- **Brief**: Beginning with the line that holds "국립중앙과학관(관장 권석민)은 오는" in the data below, give again every line through the one that holds "HI-132 Banyan Tree", exactly as written.

[Collected data entries]
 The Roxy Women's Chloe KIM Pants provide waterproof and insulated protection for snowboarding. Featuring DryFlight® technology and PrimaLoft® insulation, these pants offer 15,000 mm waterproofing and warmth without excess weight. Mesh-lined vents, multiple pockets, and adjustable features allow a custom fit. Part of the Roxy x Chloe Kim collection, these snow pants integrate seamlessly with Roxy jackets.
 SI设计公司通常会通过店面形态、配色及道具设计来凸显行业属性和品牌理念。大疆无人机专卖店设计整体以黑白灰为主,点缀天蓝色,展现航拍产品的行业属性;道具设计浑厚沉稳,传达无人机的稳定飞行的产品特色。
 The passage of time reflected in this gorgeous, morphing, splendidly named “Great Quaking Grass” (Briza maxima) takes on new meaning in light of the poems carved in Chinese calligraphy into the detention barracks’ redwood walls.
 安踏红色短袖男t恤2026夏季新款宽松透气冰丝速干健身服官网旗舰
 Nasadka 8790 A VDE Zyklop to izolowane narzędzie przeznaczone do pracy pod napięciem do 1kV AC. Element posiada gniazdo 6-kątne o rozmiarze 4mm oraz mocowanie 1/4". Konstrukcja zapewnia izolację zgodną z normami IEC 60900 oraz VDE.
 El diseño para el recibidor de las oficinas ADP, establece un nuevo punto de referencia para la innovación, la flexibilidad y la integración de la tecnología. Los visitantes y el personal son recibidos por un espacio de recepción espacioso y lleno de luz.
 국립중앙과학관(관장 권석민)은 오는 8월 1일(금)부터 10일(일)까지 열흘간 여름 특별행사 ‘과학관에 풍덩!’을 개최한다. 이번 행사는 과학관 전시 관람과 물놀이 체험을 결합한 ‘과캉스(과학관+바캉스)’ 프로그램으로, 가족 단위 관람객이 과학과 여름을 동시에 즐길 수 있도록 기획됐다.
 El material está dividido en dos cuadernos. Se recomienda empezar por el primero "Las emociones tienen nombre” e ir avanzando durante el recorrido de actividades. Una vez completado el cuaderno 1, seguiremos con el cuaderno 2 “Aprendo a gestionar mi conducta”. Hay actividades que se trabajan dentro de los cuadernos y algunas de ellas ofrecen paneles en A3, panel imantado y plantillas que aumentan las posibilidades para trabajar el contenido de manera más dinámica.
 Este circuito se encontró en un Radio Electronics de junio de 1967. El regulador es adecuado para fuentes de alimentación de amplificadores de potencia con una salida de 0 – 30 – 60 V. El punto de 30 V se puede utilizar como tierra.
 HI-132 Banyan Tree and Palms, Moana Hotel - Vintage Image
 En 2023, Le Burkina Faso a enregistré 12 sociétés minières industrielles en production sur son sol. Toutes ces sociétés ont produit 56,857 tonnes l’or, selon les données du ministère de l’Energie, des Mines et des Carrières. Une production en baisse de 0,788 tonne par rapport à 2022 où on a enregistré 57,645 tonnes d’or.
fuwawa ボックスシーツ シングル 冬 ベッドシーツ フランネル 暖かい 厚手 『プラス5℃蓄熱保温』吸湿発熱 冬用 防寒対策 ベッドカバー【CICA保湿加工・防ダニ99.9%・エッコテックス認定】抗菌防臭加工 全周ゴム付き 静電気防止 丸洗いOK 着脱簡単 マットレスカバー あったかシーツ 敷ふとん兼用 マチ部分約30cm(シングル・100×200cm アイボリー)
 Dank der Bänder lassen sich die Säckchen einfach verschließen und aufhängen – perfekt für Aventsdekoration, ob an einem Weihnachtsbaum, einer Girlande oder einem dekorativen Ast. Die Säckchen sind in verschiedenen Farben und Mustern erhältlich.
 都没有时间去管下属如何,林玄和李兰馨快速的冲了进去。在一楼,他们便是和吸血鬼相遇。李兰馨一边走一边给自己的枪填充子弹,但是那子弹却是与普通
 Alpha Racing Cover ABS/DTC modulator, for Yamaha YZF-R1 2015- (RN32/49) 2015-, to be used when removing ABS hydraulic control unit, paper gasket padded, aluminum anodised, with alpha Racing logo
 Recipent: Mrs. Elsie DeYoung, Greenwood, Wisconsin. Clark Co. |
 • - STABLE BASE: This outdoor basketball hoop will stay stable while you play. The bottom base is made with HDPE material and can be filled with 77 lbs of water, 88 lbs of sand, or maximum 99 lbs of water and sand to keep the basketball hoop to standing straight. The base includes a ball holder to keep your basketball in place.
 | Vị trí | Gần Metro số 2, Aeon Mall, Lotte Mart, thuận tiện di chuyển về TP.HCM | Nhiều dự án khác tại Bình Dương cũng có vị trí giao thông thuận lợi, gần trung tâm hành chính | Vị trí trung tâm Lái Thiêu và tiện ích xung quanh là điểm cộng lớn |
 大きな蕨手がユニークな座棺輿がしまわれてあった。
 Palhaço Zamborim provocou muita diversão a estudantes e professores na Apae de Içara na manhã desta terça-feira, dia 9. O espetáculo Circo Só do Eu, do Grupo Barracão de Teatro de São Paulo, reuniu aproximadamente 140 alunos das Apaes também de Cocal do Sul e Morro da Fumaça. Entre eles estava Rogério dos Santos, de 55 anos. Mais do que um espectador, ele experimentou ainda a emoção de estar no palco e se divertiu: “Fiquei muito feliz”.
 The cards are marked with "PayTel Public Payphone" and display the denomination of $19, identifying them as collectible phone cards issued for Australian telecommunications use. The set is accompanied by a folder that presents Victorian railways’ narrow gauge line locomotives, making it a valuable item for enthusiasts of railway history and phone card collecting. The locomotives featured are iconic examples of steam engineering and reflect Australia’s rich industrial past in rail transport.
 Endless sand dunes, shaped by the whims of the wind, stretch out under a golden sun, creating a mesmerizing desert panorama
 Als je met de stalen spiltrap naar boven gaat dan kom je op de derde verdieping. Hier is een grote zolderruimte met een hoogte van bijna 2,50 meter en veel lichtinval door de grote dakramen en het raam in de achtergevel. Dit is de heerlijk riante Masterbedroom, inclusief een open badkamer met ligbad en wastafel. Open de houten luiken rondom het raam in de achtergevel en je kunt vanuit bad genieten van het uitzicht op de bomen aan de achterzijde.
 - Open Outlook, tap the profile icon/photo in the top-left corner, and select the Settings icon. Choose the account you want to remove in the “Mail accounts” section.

- **Result of the exercise**:
 국립중앙과학관(관장 권석민)은 오는 8월 1일(금)부터 10일(일)까지 열흘간 여름 특별행사 ‘과학관에 풍덩!’을 개최한다. 이번 행사는 과학관 전시 관람과 물놀이 체험을 결합한 ‘과캉스(과학관+바캉스)’ 프로그램으로, 가족 단위 관람객이 과학과 여름을 동시에 즐길 수 있도록 기획됐다.
 El material está dividido en dos cuadernos. Se recomienda empezar por el primero "Las emociones tienen nombre” e ir avanzando durante el recorrido de actividades. Una vez completado el cuaderno 1, seguiremos con el cuaderno 2 “Aprendo a gestionar mi conducta”. Hay actividades que se trabajan dentro de los cuadernos y algunas de ellas ofrecen paneles en A3, panel imantado y plantillas que aumentan las posibilidades para trabajar el contenido de manera más dinámica.
 Este circuito se encontró en un Radio Electronics de junio de 1967. El regulador es adecuado para fuentes de alimentación de amplificadores de potencia con una salida de 0 – 30 – 60 V. El punto de 30 V se puede utilizar como tierra.
 HI-132 Banyan Tree and Palms, Moana Hotel - Vintage Image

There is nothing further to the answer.